Nun sollte man in der Praxis allerdings nicht davon ausgehen, dass bei Tätigkeiten mit nanoskaligen GBS der A-Staub komplett aus nanoskaligem Material besteht. Das liegt zum einen daran, dass man bei nanoskaligen GBS nicht generell eine starke Verstaubung erwarten muss. Weiter wird immer parallel ein vermutlich relativ hoher Massenanteil an mikroskaligem A-Staub vorliegen. Dies resultiert daraus, dass bei allen Tätigkeiten eine gewisse Menge an (Hintergrund-)Staub „aufgewirbelt“ wird. Aufgrund der sehr viel größeren Primär-partikel hat der mikroskalige Staub in Bezug auf den gesamten A-Staub in der Luft rasch einen hohen Massenanteil. Leider liegen für arbeitsplatztypische Stäube dazu bisher keine quantitativ belastbaren Daten vor. Aus pragmatischer und dennoch vermutlich konservativer Sicht könnte man davon ausgehen, dass beide Staubvarianten bei Tätigkeiten mit nanoskaligen GBS zu je 50 % als Massenkonzentration im A-Staub vorliegen. Da man vom gleichen Wirkprinzip ausgeht, müsste dann der Luftwertgrenzwert dieses Mischstaubs aus dem Mittelwert der beiden Luftgrenzwerte für nano- und mikroskalige GBS abgeleitet werden.

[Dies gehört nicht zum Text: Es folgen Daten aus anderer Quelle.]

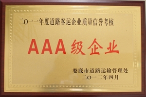 道路客運企業(yè)質(zhì)量信譽考核AAA級企業(yè) |
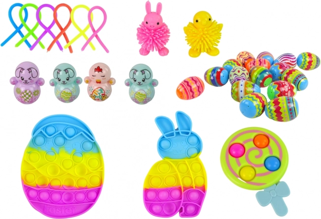 Questa collezione pasquale unisce divertimento e sviluppo delle abilità. I bambini possono schiacciare, premere, staccare e allungare diversi giochi che aiutano a sciogliere la tensione e migliorano la concentrazione. Il set è ideale per i giorni di festa, l’asilo, le feste e le attività creative a casa.

Dieser Wert läge dann etwa einen Faktor 2 unterhalb des derzeit geltenden A-Staub-Werts für mikroskalige GBS. Diese Betrachtung kann als konservativ angesehen werden, da die bisherigen Luftmessungen von Nanopartikeln nur auf vergleichsweise geringe Massenkonzentrationen hinweisen, wenn man solche Werte aus den üblichen Messungen zur Partikelanzahlkonzentration abschätzt. Ein quasi identischer Wert für den A-Staub, der nanoskalige GBS einbezieht, wurde in der BekGS 527 als Beurteilungsmaßstab für nanoskalige GBS bereits vorgeschlagen (s. „Weitere Infos“) und kann auch aufgrund der obigen Überlegungen aus Sicht des Gesundheitsschutzes als gerechtfertigt angesehen werden.

Fazit

Die wissenschaftlichen Erkenntnisse der letzten Jahre verdichten sich, dass in der beruflichen Verwendung eines großen Teils marktrelevanter Nanopartikel hauptsächlich das Einatmen von alveolengängigen Feinstäuben bei der gesundheitlichen Bewertung im Vordergrund steht. Es gibt bisher keine Hinweise darauf, dass Nanopartikel grundsätzlich andere Wirkungen haben als herkömmliche Feinstäube. Dies scheint auch für oberflächenmodifizierte Nano-partikel zu gelten. Zwar besitzen inhalierte Nanopartikel, die zu den granulären biobeständigen Stäuben mit geringer Toxizität (GBS) zuzuordnen sind, bei gleicher Massenkonzentration eine etwas höhere Entzündungswirkstärke. Allerdings tragen die Nanostäube auch an „Nano“-Arbeitsplätzen von der Masse her vermutlich nur wenig zum Gesamtfeinstaub bei. Zu erreichende Zielwerte bei der Staubbelastung sollten daher etwas niedriger liegen. Generell gilt, die Entstehung von Feinstäuben so gering wie möglich zu halten. Insgesamt ergibt sich für die arbeitsmedizinische Praxis keine besonderer genereller Handlungsbedarf für Nanostäube, der über das, was für herkömmliche Feinstäube zu berücksichtigen ist, hinausgeht. 

    Weitere Infos

    Dispersion und Retention von Ultrafeinstaub/Nanopartikeln in der Lunge

    http://www.baua.de/de/Forschung/Forschungsprojekte/f2133.html

    Toxische Wirkungen verschiedener Modifikationen eines Nano-partikels nach Inhalation

    http://www.baua.de/de/Forschung/Forschungsprojekte/f2246.html

    Technische Regel für Gefahrstoffe 900

    http://www.baua.de/de/Themen-von-A-Z/Gefahrstoffe/TRGS/TRGS-900.html

    Bekanntmachung zu Gefahrstoffen 527

    http://www.baua.de/de/Themen-von-A-Z/Gefahrstoffe/TRGS/Bekanntmachung-527.html

    Autor

    Prof. Dr. rer. nat. T. Gebel

    Bundesanstalt für Arbeitsschutz und Arbeitsmedizin (BAuA)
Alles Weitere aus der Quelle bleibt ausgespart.